Rational Crime and Subjective Probability
Here’s a personal tidbit about me – I’m a bit of a true crime buff. I often listen to true crime podcasts and audio essays while unwinding at the end of the day, or during my time in the gym. (My wife finds the idea of listening to podcasts talking about horrific crimes to be an incomprehensible method of winding down, nor does she understand how I can possibly enjoy horror films.) One thing I’ve noticed is that in many of the cases I’ve heard, the criminal drastically overestimates their odds of getting away with the crime.
One of my favorite shows in the genre is called The Casual Criminalist. In this show the host, Simon Whistler, is provided with a script from one of his writers that he’s never seen or read before recording. He then reads it off for the first time on the show, frequently breaking from the script to add in some of his own side commentary. Very often, this takes the form of him absolutely roasting the criminal featured in the episode for their ineptitude both in committing their crime and their attempts to cover up what they did, such as this case involving a young man. More famously (or infamously), there is the case of Leopold and Leob, two young men convinced they were capable of masterminding the perfect crime, but whose actual performance was didn’t exactly rise to the level of Professor Moriarty.

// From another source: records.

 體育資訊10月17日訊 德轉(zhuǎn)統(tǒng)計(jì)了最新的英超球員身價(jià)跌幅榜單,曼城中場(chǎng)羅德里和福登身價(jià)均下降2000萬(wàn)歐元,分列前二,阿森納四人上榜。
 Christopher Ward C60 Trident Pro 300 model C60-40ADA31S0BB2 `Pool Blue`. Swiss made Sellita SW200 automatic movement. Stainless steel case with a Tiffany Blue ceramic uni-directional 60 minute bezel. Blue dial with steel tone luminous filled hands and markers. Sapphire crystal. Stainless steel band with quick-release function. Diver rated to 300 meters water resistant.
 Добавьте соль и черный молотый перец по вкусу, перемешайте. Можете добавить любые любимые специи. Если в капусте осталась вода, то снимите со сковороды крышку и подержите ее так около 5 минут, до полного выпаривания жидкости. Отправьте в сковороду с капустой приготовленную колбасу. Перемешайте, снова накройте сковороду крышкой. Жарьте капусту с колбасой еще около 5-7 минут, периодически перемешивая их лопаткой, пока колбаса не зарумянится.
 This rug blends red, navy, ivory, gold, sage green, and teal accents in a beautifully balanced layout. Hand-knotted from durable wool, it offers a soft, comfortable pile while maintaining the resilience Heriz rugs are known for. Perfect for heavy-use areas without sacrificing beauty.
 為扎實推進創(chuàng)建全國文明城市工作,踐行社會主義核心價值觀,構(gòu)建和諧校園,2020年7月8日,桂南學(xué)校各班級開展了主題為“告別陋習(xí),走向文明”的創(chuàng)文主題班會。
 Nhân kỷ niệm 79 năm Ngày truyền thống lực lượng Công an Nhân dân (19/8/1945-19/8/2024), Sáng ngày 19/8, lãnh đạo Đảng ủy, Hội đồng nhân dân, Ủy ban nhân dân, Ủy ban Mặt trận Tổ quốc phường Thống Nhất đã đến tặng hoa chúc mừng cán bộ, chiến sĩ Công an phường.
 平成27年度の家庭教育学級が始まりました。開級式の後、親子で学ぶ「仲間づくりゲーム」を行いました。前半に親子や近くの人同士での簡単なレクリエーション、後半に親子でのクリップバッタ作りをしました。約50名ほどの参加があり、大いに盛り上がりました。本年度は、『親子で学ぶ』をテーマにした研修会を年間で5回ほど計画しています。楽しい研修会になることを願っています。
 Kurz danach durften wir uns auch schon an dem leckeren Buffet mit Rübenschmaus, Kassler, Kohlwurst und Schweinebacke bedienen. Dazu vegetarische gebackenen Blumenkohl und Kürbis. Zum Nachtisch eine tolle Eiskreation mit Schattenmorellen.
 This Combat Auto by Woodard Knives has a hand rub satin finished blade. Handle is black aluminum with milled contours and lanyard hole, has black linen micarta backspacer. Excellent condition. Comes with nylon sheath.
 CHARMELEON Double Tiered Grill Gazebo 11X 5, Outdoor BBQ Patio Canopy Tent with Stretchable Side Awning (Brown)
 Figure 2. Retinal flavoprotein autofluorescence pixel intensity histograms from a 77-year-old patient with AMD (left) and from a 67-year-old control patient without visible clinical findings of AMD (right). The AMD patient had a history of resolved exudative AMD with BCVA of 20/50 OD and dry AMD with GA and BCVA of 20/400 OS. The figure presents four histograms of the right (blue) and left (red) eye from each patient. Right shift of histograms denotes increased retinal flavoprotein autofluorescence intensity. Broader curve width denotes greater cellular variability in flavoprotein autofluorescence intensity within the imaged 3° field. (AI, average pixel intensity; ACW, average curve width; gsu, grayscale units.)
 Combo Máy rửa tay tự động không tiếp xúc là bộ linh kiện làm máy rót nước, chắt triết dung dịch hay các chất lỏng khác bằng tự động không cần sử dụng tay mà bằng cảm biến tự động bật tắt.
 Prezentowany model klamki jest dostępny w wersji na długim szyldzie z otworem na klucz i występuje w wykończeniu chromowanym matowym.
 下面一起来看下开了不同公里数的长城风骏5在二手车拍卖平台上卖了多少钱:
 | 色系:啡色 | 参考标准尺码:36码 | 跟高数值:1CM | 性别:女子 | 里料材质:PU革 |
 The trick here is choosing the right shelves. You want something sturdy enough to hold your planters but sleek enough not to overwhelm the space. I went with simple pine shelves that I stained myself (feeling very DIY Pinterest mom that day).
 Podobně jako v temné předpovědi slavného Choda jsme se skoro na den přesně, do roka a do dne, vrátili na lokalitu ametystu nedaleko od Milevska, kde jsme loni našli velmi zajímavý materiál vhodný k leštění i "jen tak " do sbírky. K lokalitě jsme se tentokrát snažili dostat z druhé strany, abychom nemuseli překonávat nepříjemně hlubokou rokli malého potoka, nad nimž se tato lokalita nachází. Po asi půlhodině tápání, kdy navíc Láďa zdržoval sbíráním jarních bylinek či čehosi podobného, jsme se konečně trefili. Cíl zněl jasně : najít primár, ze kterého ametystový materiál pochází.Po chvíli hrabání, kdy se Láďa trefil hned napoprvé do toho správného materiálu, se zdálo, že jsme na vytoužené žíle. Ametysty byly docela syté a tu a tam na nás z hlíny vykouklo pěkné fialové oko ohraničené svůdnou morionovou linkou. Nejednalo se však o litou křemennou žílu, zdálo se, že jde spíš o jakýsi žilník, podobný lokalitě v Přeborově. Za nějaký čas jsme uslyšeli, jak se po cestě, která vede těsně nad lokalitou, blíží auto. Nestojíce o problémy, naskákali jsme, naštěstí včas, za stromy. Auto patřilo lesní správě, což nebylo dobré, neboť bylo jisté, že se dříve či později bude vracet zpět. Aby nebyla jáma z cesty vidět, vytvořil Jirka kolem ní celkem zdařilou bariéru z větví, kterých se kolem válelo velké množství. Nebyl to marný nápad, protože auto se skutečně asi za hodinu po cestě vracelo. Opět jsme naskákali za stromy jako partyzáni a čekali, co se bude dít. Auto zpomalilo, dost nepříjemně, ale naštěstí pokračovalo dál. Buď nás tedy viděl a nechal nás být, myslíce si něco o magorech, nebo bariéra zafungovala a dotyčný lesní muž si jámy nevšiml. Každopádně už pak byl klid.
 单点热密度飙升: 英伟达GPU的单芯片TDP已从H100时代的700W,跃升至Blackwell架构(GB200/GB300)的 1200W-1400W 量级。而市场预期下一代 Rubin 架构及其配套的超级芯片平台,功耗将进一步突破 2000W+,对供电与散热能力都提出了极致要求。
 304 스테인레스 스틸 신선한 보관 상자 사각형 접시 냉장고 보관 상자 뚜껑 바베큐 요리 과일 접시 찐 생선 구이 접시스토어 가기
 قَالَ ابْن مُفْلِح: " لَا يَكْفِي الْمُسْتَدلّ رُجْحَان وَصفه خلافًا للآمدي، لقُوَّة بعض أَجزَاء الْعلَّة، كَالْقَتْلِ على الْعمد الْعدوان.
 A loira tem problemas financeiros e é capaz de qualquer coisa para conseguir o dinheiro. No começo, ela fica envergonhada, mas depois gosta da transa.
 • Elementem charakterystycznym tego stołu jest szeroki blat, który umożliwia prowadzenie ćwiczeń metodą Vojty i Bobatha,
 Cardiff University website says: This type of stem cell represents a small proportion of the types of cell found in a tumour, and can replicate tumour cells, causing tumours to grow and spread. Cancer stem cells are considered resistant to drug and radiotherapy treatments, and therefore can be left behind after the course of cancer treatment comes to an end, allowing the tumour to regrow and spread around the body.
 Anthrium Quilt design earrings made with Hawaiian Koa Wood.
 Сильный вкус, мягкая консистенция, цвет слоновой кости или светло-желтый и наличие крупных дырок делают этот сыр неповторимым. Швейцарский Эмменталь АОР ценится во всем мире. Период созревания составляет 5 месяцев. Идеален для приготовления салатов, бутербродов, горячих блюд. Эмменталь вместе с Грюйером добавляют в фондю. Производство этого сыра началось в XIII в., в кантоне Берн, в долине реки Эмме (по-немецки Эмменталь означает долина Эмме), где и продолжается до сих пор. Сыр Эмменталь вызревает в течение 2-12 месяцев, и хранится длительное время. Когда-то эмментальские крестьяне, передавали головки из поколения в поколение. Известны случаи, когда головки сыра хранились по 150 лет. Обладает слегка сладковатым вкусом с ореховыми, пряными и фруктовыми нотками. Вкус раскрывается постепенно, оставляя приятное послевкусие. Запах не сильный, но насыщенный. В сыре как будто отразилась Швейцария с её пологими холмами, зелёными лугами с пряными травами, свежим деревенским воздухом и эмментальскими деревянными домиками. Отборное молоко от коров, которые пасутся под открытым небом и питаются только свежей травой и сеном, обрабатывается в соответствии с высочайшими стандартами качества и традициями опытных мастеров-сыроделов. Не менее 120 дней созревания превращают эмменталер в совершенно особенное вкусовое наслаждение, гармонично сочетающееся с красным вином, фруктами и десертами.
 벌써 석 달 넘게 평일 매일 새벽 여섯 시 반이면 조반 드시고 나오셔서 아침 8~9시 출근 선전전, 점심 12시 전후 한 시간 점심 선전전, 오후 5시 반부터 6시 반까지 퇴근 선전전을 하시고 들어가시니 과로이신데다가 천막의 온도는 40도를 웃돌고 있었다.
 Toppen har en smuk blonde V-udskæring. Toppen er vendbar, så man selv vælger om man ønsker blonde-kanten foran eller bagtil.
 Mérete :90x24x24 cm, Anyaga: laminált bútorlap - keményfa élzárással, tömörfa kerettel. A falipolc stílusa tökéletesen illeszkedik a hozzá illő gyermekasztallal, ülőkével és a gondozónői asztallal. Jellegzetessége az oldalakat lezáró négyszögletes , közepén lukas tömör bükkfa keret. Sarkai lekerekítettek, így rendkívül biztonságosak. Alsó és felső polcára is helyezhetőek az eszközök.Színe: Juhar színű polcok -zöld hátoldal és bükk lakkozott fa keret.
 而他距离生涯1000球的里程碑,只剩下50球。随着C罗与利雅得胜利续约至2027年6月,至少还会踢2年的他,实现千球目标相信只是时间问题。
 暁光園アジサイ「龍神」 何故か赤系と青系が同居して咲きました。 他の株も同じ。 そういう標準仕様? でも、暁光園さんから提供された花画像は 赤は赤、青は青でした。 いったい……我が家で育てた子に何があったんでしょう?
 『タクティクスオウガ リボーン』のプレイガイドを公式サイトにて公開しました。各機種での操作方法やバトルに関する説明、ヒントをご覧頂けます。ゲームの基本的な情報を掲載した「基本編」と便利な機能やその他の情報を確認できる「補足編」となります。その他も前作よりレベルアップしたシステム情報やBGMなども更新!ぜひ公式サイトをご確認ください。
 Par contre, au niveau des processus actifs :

In a recent post I once again touched on Gary Becker‘s model of criminal behavior. To briefly recap, Becker modeled choices about committing crimes as a form of rational behavior. Criminals consider the expected payoff of their crime, and compare it the expected cost of committing the crime. The expected cost is a function of the probability and severity of punishment. A severe punishment might provide little deterrence if the odds of being punished are minuscule. And near-certain punishment might also provide little deterrence if the punishment itself is trivial. To put more specific numbers to it, a 0.1% chance of a $1,000 penalty provides as much deterrence as a guaranteed $1 penalty – not much. In the case of Leopold and Leob, even though their crime carried the possibility of a death penalty or a life sentence, their (false) certainty that they could evade detection nullified any deterrence.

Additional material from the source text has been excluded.